Reproduce the entries shown below only from the line with "党委副书记郭林山首先致辞,对" down to the line with "- Nachdem Ihre", keeping both end lines and copying each one exactly.

• Task data:

-------------------------

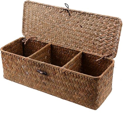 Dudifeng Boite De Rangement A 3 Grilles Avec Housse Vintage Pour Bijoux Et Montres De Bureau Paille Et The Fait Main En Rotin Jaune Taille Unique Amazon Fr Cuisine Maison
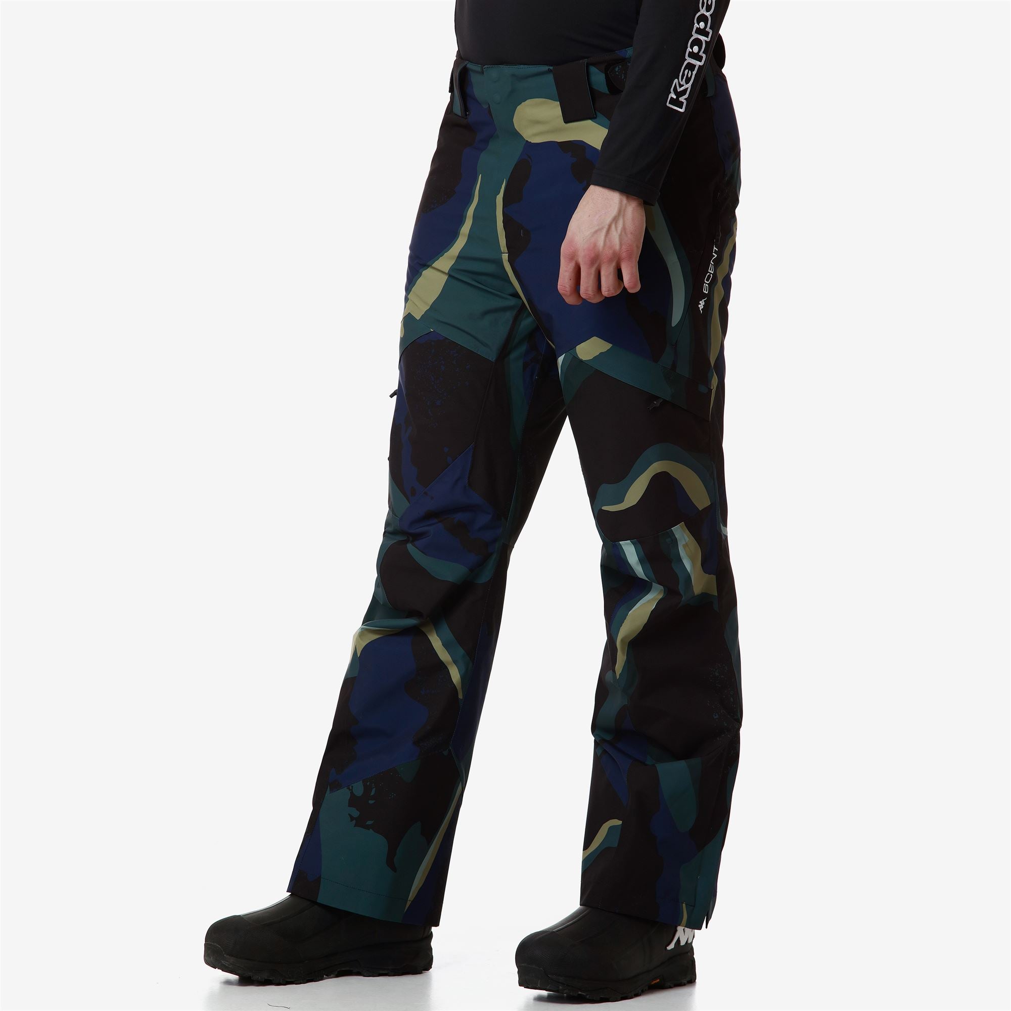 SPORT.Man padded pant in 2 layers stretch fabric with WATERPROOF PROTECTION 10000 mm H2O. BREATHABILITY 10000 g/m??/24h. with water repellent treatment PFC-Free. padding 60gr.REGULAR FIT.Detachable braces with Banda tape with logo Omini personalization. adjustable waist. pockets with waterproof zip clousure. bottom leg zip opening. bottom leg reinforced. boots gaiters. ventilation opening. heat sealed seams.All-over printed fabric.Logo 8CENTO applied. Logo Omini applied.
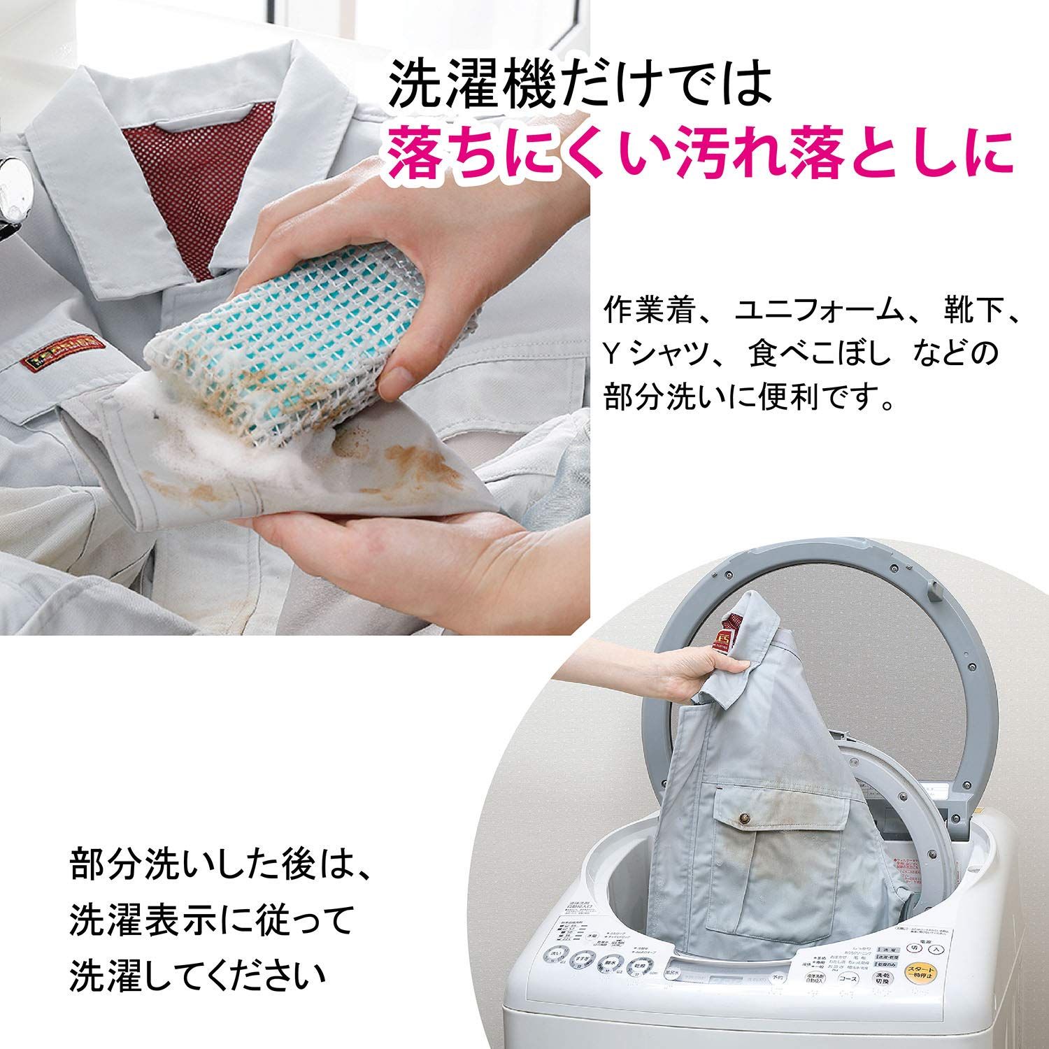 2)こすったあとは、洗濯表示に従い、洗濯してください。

-------------------------

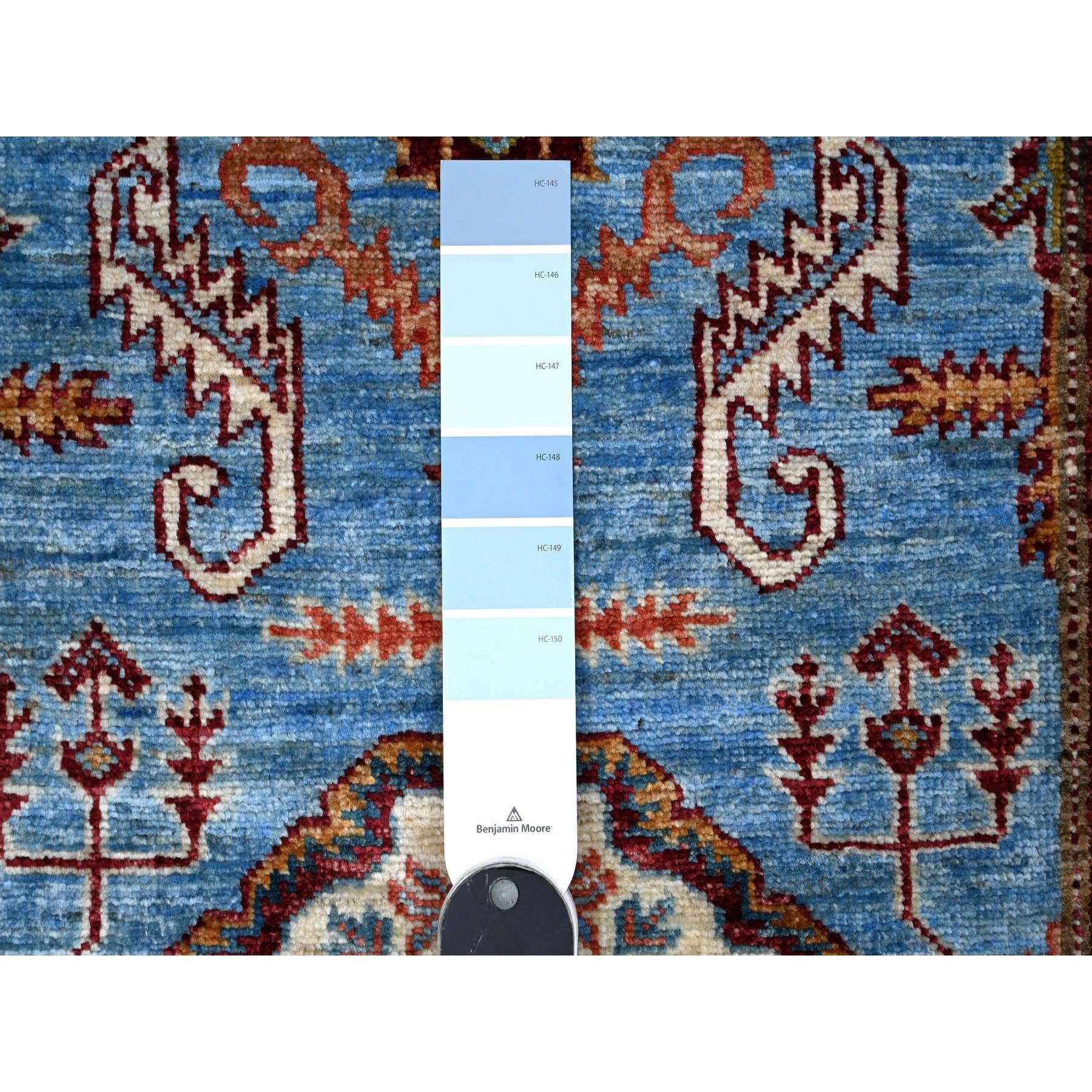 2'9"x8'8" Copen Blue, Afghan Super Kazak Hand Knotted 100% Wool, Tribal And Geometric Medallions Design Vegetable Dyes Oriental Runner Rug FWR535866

-------------------------

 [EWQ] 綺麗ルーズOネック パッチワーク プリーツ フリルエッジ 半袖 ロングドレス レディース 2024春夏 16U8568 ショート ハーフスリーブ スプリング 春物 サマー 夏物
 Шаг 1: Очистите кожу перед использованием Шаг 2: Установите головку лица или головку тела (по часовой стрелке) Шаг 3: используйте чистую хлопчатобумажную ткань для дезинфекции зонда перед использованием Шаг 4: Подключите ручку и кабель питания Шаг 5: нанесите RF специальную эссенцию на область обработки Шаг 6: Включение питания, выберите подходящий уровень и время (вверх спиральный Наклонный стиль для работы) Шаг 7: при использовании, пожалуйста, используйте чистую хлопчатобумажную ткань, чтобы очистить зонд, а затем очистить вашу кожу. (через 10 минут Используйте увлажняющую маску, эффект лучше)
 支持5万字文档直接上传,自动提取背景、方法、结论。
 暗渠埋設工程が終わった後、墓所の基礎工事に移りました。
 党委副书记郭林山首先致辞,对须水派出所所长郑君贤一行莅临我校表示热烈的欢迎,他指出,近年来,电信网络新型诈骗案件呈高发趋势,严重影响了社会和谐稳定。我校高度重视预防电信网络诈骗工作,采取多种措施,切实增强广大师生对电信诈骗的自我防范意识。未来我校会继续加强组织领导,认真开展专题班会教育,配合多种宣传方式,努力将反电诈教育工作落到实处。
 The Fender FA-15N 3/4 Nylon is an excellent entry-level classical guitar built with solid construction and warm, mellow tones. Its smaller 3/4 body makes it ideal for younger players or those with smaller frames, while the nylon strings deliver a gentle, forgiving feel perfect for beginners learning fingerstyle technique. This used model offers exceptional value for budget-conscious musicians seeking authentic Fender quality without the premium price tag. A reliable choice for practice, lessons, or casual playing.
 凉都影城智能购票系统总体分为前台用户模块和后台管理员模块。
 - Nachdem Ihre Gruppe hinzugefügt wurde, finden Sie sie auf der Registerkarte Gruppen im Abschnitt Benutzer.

-------------------------

• Answer to the problem:
 党委副书记郭林山首先致辞,对须水派出所所长郑君贤一行莅临我校表示热烈的欢迎,他指出,近年来,电信网络新型诈骗案件呈高发趋势,严重影响了社会和谐稳定。我校高度重视预防电信网络诈骗工作,采取多种措施,切实增强广大师生对电信诈骗的自我防范意识。未来我校会继续加强组织领导,认真开展专题班会教育,配合多种宣传方式,努力将反电诈教育工作落到实处。
 The Fender FA-15N 3/4 Nylon is an excellent entry-level classical guitar built with solid construction and warm, mellow tones. Its smaller 3/4 body makes it ideal for younger players or those with smaller frames, while the nylon strings deliver a gentle, forgiving feel perfect for beginners learning fingerstyle technique. This used model offers exceptional value for budget-conscious musicians seeking authentic Fender quality without the premium price tag. A reliable choice for practice, lessons, or casual playing.
 凉都影城智能购票系统总体分为前台用户模块和后台管理员模块。
 - Nachdem Ihre Gruppe hinzugefügt wurde, finden Sie sie auf der Registerkarte Gruppen im Abschnitt Benutzer.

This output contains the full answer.